At the negligible level, stories might simply use outdated slang, while minor issues emerge when content lacks diversity in characters or settings. More concerning moderate cases involve consistent reinforcement of gender stereotypes and cultural biases that could shape a child’s understanding of social roles. Major harm occurs when stories actively promote harmful stereotypes or unsafe behaviors, leading children to mimic these problematic patterns. At the catastrophic level, content systematically undermines positive social values, promoting discrimination and distorting children’s understanding of healthy relationships and consent in fundamentally damaging ways.
When considering harm to the enterprise or organization (in this case, Dream Weaver AI Company), reputational damage can range significantly. At the negligible level, the company might face a few isolated negative comments or reviews about story repetitiveness. Minor issues could include a small number of public complaints on app stores about boring content or glitches. As concerns escalate to moderate, the company might encounter negative feedback on social media or parent forums about mildly inappropriate or scary content, along with minor negative press coverage. Major reputational damage would involve widespread negative media coverage, viral social media campaigns by concerned parents, plummeting app store ratings, and calls for boycotts. At the catastrophic level, Dream Weaver AI could become a cautionary tale of “AI gone wrong for kids,” leading to irreparable brand damage, widespread condemnation, and complete loss of stakeholder trust.
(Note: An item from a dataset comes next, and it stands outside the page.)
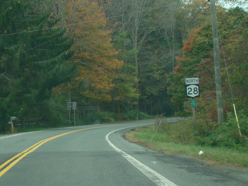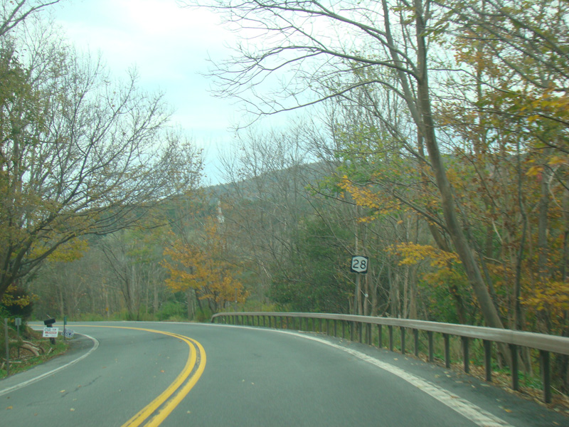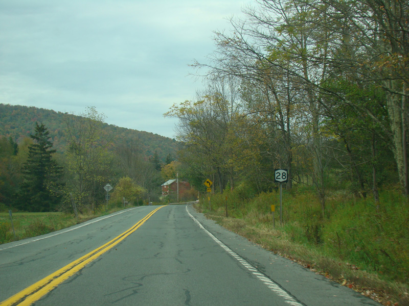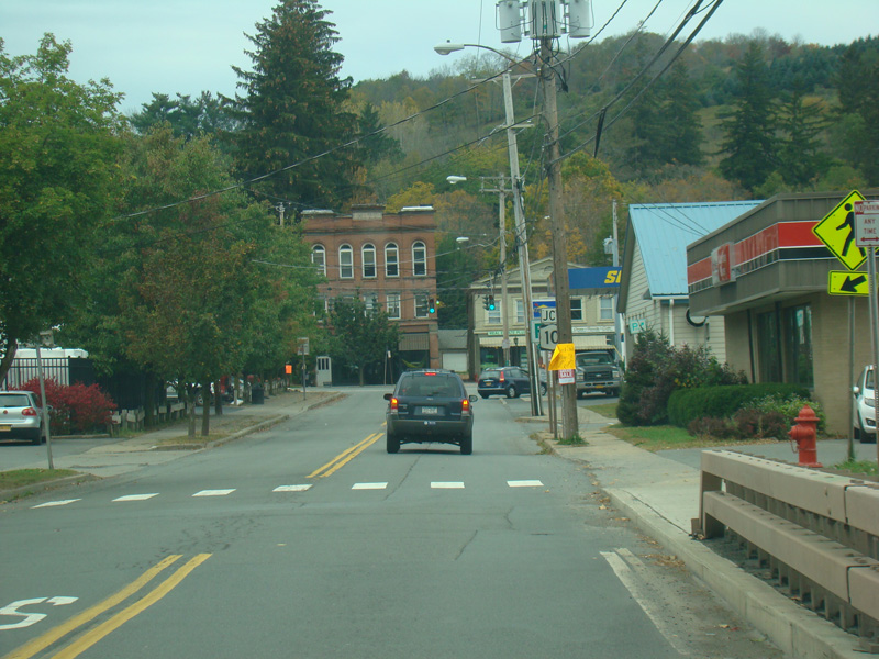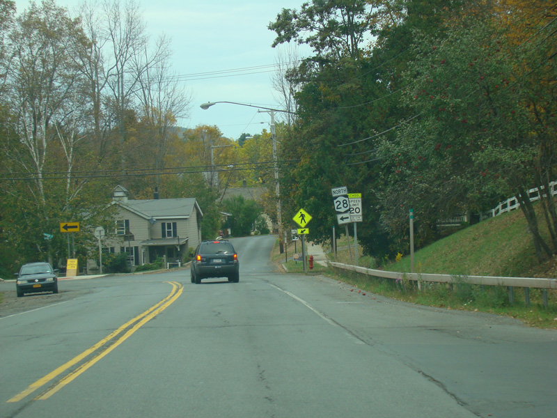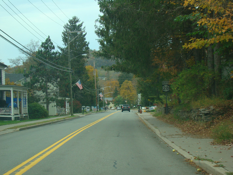 On the other side of the bridge, Kingston Street ends at Main Street (NY 10). Turn right to go north and to stay on NY 28. Turn left to go south.

This is a simple but hopefully comprehensive way of seeing and using the matrix, demonstrating how it can be effectively applied to evaluate potential risks. While the example shown here focuses on specific use cases, the fundamental principles of probability and severity assessment can be adapted to analyze risks across various AI applications and scenarios.
I don’t mean to suggest that vibe coding isn’t valuable — it has solved many problems and reduced many pain points. However, we should be thoughtful about relying on vibe coding without considering the consequences, best engineering practices, and proper risk management.
The goal is to harness AI advancements in a way that is useful and respectful.
When tackling your next vibe coding project, take a step back and consider all possibilities. Use tools like this matrix to evaluate the risks of working with third-party models, fine-tuned models, or even models you’ve created yourself. This is especially important for models you’ve developed in-house.
Cheers!
Disclaimer:
The views and opinions expressed in this blog are solely my own and are intended for educational and informational purposes only. They do not constitute legal, financial, or business advice. Readers are encouraged to seek independent professional advice before applying any ideas or suggestions discussed herein. Any reliance you place on the information provided is strictly at your own risk.